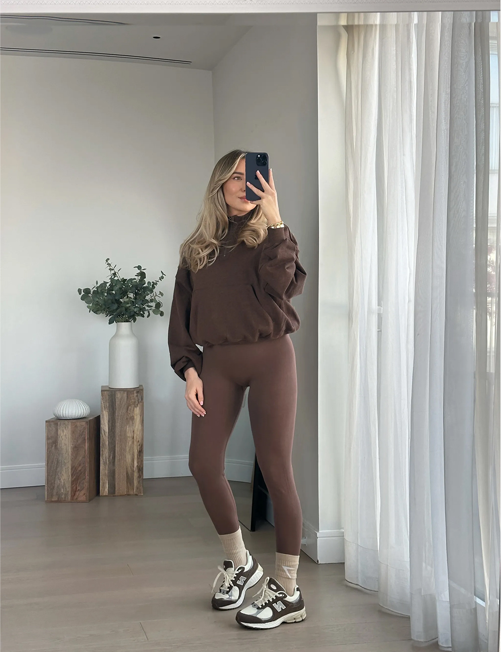 Today’s modern era of athleisurewear offers an infinite amount of outfit options; a lot of them with a trusty pair of leggings at their foundation. In 2025, everyday athleisure is refined; perfect boxy tees, thick, heavyweight hoodies tucked into a neat crop, white crew socks pulled over leggings, chunky sneakers and a pair of sunnies – the look never misses. For something a little more form-fitting but still yet relaxed, a monochrome matching set of leggings and a fitted jacket is a sleek ensemble for everything from a grocery run to a late-night flight.
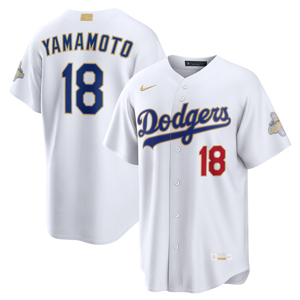 Youth Los Angeles Dodgers #18 Yoshinobu Yamamoto Nike White 2026 Gold Collection Authentic Custom Jersey
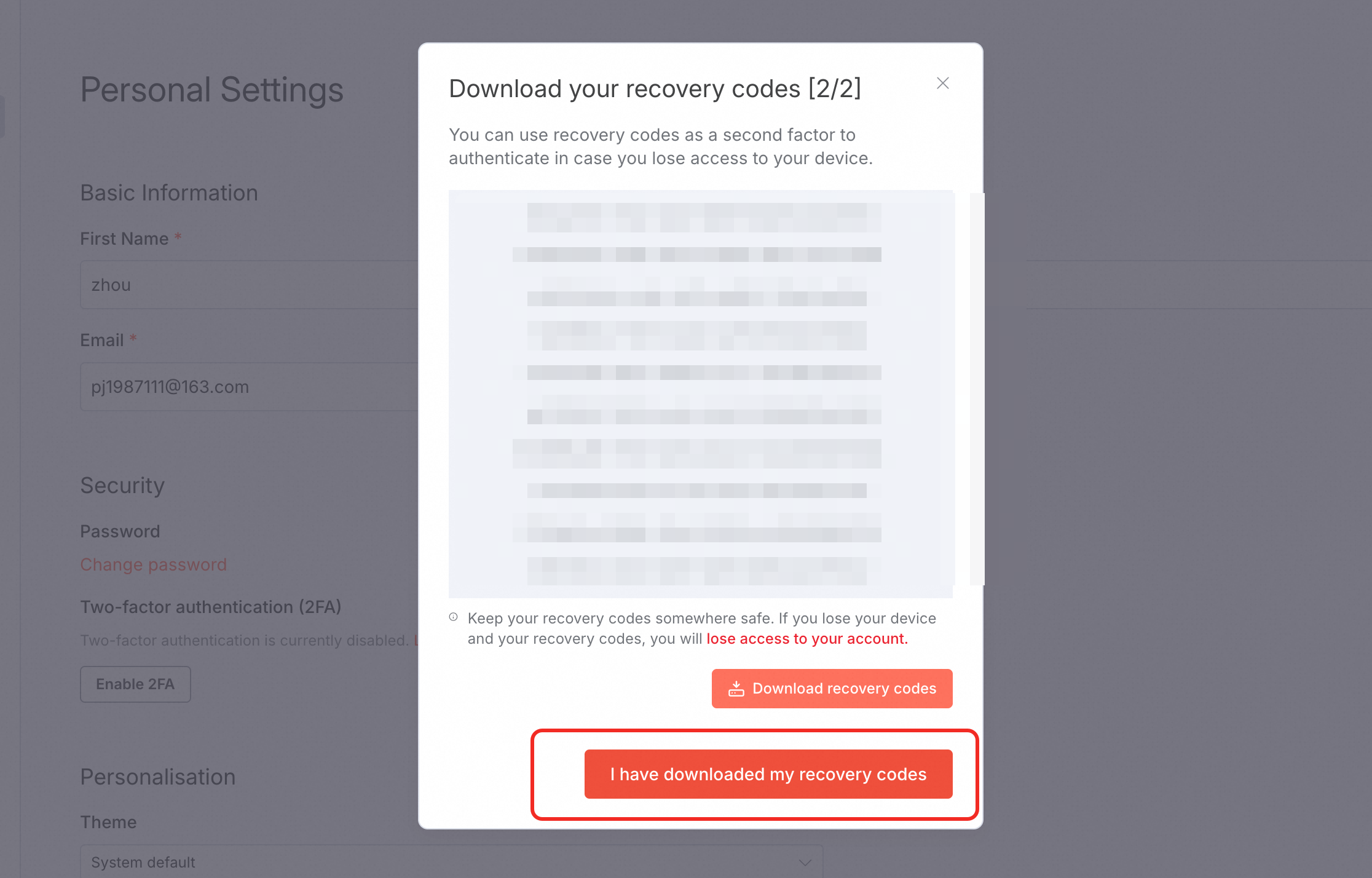 启用2FA后,n8n会提供给你一组一次性的恢复代码如下图,最好拿小本本记录一下,若手机损坏丢失后,下次disable 2FA重置时需要提供。
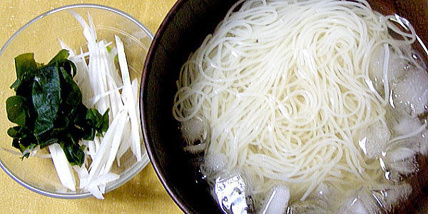 そうめんの薬味にはわかめと大根(皮だけピーラーで剥いて千切り、けっこう辛い)です。 |
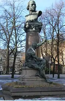 The stamp commemorating John Ericsson on April 20, 1926, coincided with the unveiling of the Ericsson Memorial in West Potomac Park, Washington, DC directly south of the Lincoln Memorial. The stamp pictures the memorial design by J. H. Frazer. The seated figure of Ericsson has the figures above and behind him of Vision, Labor and Adventure.[35]
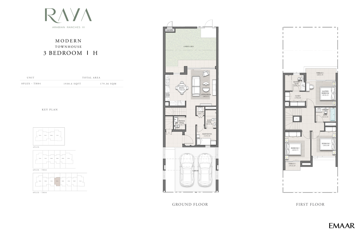 | 3 Bedroom | 3 Bedrooms + Maid | Modern Townhouse - H, Unit 8 Plex - TH04 | 1930.60 Sq Ft | Townhouse |
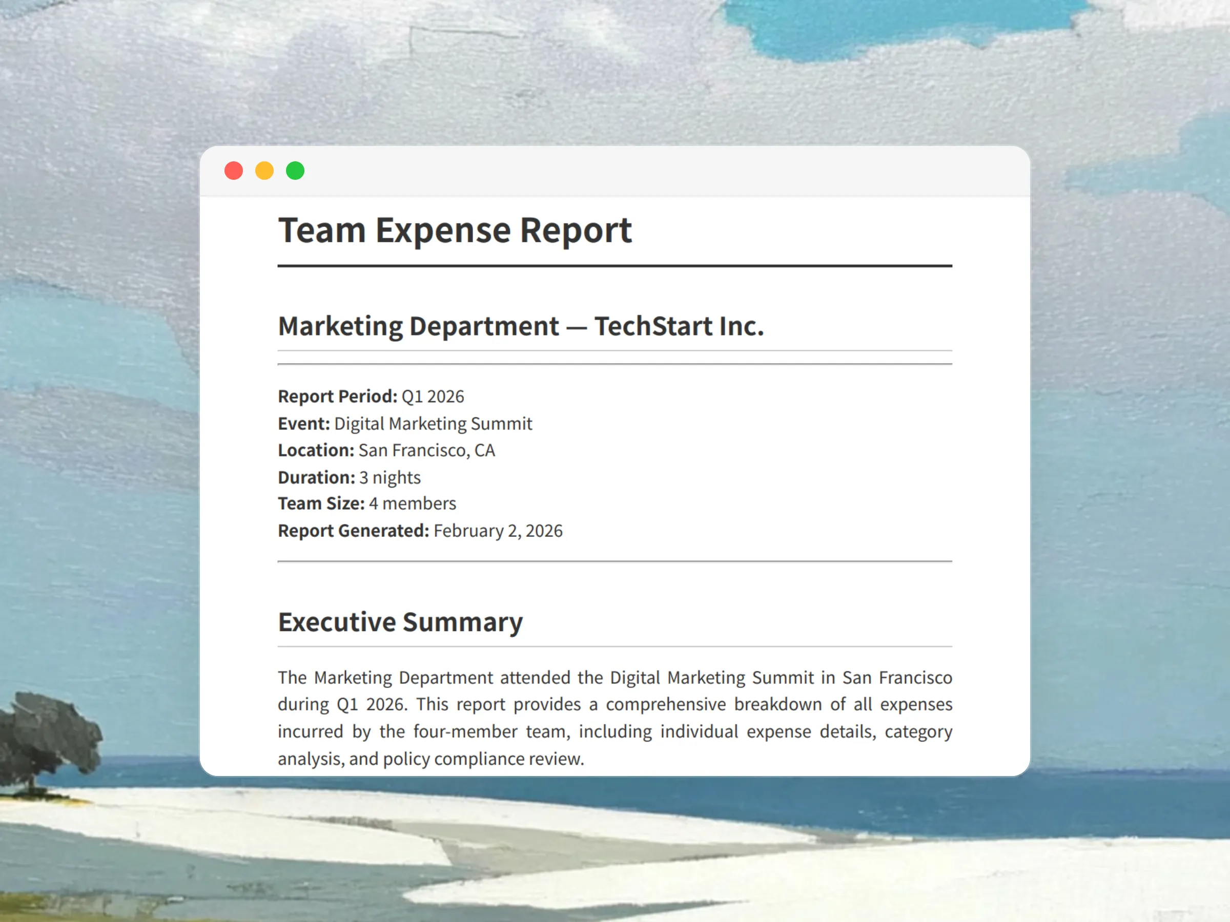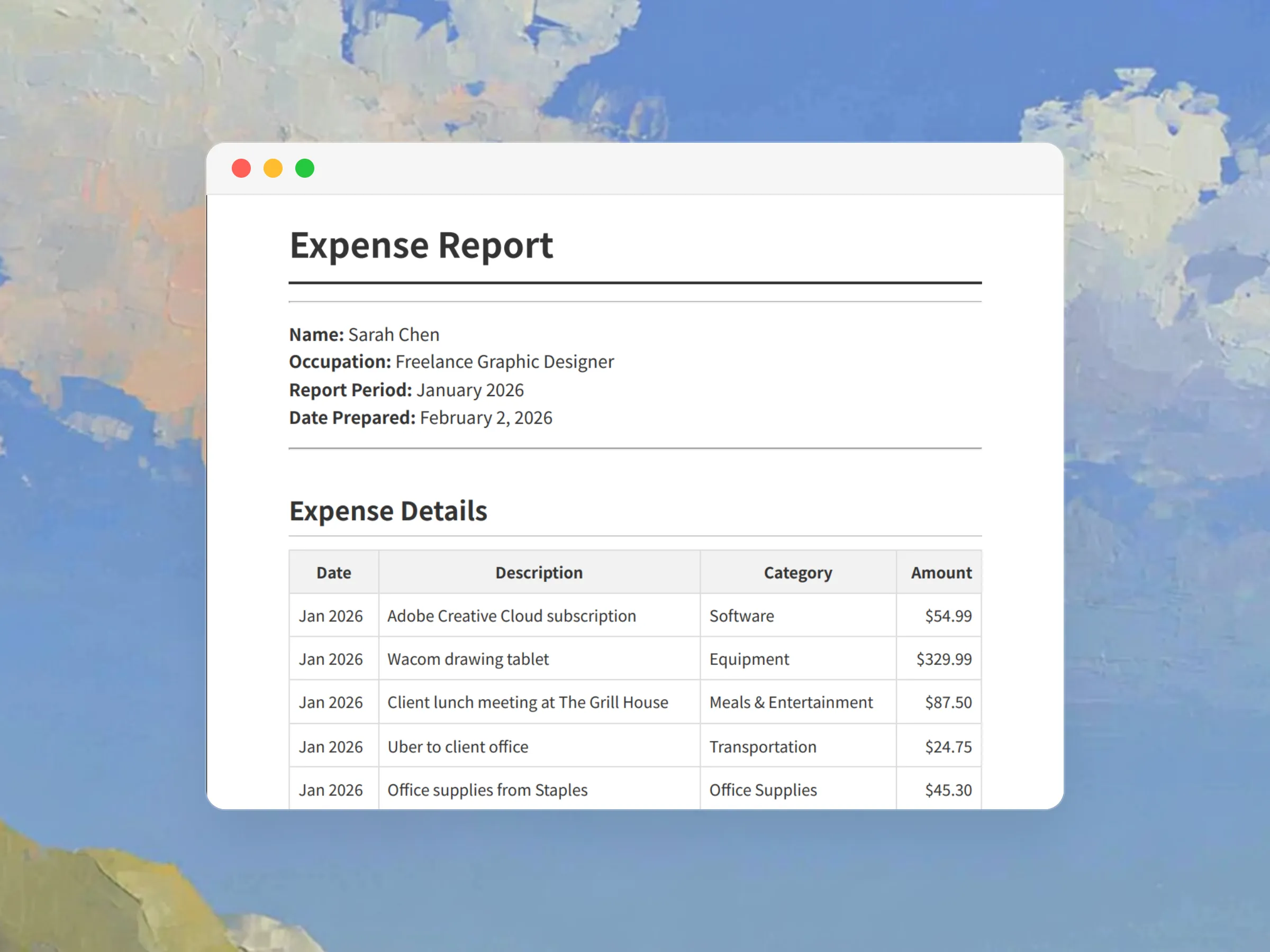 Streamline your expense reporting process. Manus's AI expense report generator extracts data from receipts, categorizes expenses, and creates professional reports in minutes.

## [WORK INSTRUCTIONS]
Restate word for word the lines of the data above that begin at the line with "そうめんの薬味にはわかめと大" and end at the line with "Ft | Townhouse |", keeping both ends and dropping every picture.

## [ANSWER BOX]
 そうめんの薬味にはわかめと大根(皮だけピーラーで剥いて千切り、けっこう辛い)です。 |
 The stamp commemorating John Ericsson on April 20, 1926, coincided with the unveiling of the Ericsson Memorial in West Potomac Park, Washington, DC directly south of the Lincoln Memorial. The stamp pictures the memorial design by J. H. Frazer. The seated figure of Ericsson has the figures above and behind him of Vision, Labor and Adventure.[35]
 | 3 Bedroom | 3 Bedrooms + Maid | Modern Townhouse - H, Unit 8 Plex - TH04 | 1930.60 Sq Ft | Townhouse |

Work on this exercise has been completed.